MARKET DATA

Dolar Ditendang di Mana-Mana: Yen-Rupiah Perkasa, Ringgit Menangis

Elvan Widyatama,  CNBC Indonesia
08 September 2026 10:10
Ini Peta Kekuatan Mata Uang ASEAN Usai Krisis 1998: Rupiah Kalah Telak
Foto: Infografis/ Ini Peta Kekuatan Mata Uang ASEAN Usai Krisis 1998: Rupiah Kalah Telak/ Ilham Restu

Jakarta, CNBC Indonesia - Mayoritas mata uang Asia menguat terhadap dolar Amerika Serikat (AS) pada perdagangan Selasa (8/9/2026). Pelemahan yang cukup tajam pada dolar AS pagi ini memberi ruang bagi hampir seluruh mata uang Asia untuk menguat. 

Merujuk data Refinitiv per pukul 09.20 WIB, dari 10 mata uang Asia yang dipantau, sebanyak sembilan mata uang menguat terhadap dolar AS. Sementara hanya satu mata uang yang melemah.
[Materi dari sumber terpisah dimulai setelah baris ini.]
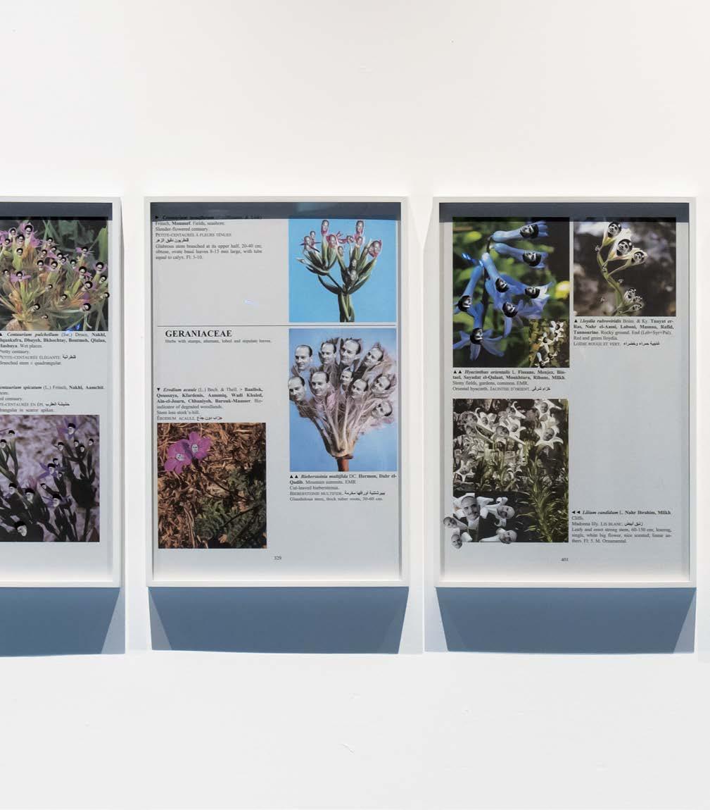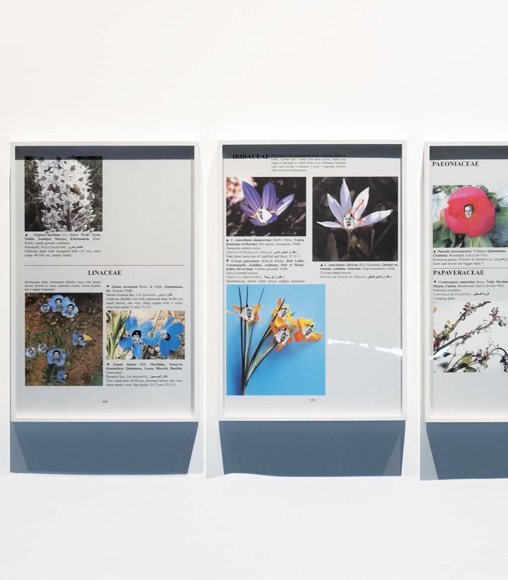 The projection of the waterfall poured over the peoples’ bodies as they stood before it. Visitors often streamed these images and selfies with other results on social media, demonstrating how artworks sometimes stimulated fun experiences. Others kneeled or bent their bodies to photograph the miniature figures of Margaret Thatcher, Ronald Reagan and Mikhail Gorbachev at the bottom of the waterfall. Thatcher also appeared on the opposite wall, in one of several selected prints from Raad’s Better be watching the clouds. In these plates of illustrated pages from a scientific book on botany, plants bloom with the heads of political leaders; the pages are guides to the names of flora that were assigned as pseudonyms for political figures by a female Lebanese intelligence agent, Fadwa Hassoun, during the civil war. The political leaders can be identified or were grouped because of particular associations with the political faction or Lebanese militia mentioned in the prints’ captions. Both works by Raad’s The Atlas Group play on fictitious stories that could have existed in the history of the Lebanese civil war. In the case of Comrade leader, the act of naming honours patronage, while in Better be watching the clouds, removing or replacing a name with a code name becomes a political tool that obscures the namer’s relationship to the person. Many of the figures in Better be watching

Yen Jepang menjadi mata uang dengan penguatan paling tajam di Asia pagi ini. Yen melesat 0,79% ke posisi JPY 153,16/US$.

Won Korea Selatan menyusul dengan penguatan 0,52% ke posisi KRW 1.337,5/US$. Dong Vietnam dan peso Filipina sama-sama menguat 0,22%, masing-masing ke VND 25.959/US$ dan PHP 62,444/US$.

Rupiah juga ikut bergerak positif. Mata uang Garuda menguat 0,14% ke posisi Rp17.605/US$.
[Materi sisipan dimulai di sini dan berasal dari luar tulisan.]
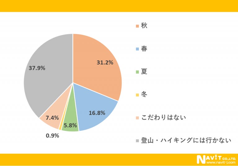 「登山・ハイキングに行くのはどの季節が一番いいですか?」という質問については、「秋」が31.2%、「春」が16.8%、「夏」が5.8%という順になりました。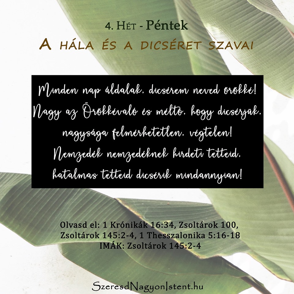 A hála és a dicséret szavai Olvasd el: 1 Krónikák 16:34, Zsoltárok 100, Zsoltárok 145:2-4, 1 Thesszalonika 5:16-18 IMÁK: Zsoltárok 145:2-4 Ez az utolsó napja A szavak hatalma tanulmányunknak. Milyen volt? Remélem értékes dolgokat tanultál szavaid használatáról! A mai Igeversek a háláról és a dicséretről beszélnek. Isten folyamatosan cselekszik az életünkben. Némelyik cselekedete nagy és […]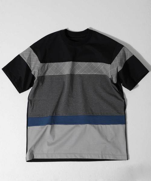 異素材を組み合わせたデザインカットソー。ベースの素材はコットンの40双糸を今まで出来なかった最大限のハイゲージで編んだ天竺をシルケット加工で仕上げています。 カジュアルになりがちなコットンの40双糸天竺を最大限に度目を詰めた事によって、綺麗さを兼ね備えた素材です。 それに合わせて、チェック生地とミラノリブを使用しており、考えに考え抜いた配色と切り替えのバランスでデザインしています。 一枚でインパクトがあるのでボトムはシンプルに合わせたスタイリングがオススメです。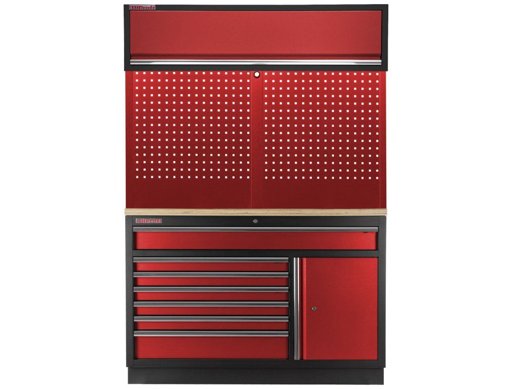 Sestava nábytku v sobě skrývá dostatečné množství úložného prostoru pro vaše nářadí, autotechniku i dílenské vybavení. V kombinaci s bytelnou pracovní deskou získáte multifunkční stěnu, se kterou vám půjde práce od ruky ve všech směrech.

Dolar Singapura naik 0,13% ke SGD 1,264/US$, baht Thailand menguat 0,12% ke THB 32,80/US$, dolar Taiwan naik 0,06% ke TWD 31,487/US$, sementara yuan China menguat tipis 0,01% ke CNY 6,7103/US$.

Di sisi lain, ringgit Malaysia menjadi satu-satunya mata uang Asia yang melemah pagi ini. Ringgit turun tipis 0,02% ke posisi MYR 4,045/US$.

Penguatan mayoritas mata uang Asia terjadi saat dolar AS kembali berada di bawah tekanan. Indeks dolar AS (DXY) pada pagi ini terpantau melemah 0,41% ke posisi 98,765.

DXY melanjutkan pelemahan untuk hari kedua dan bergerak di sekitar level terendah dalam lebih dari dua pekan. Tekanan terhadap dolar AS semakin besar karena yen Jepang kembali menguat tajam.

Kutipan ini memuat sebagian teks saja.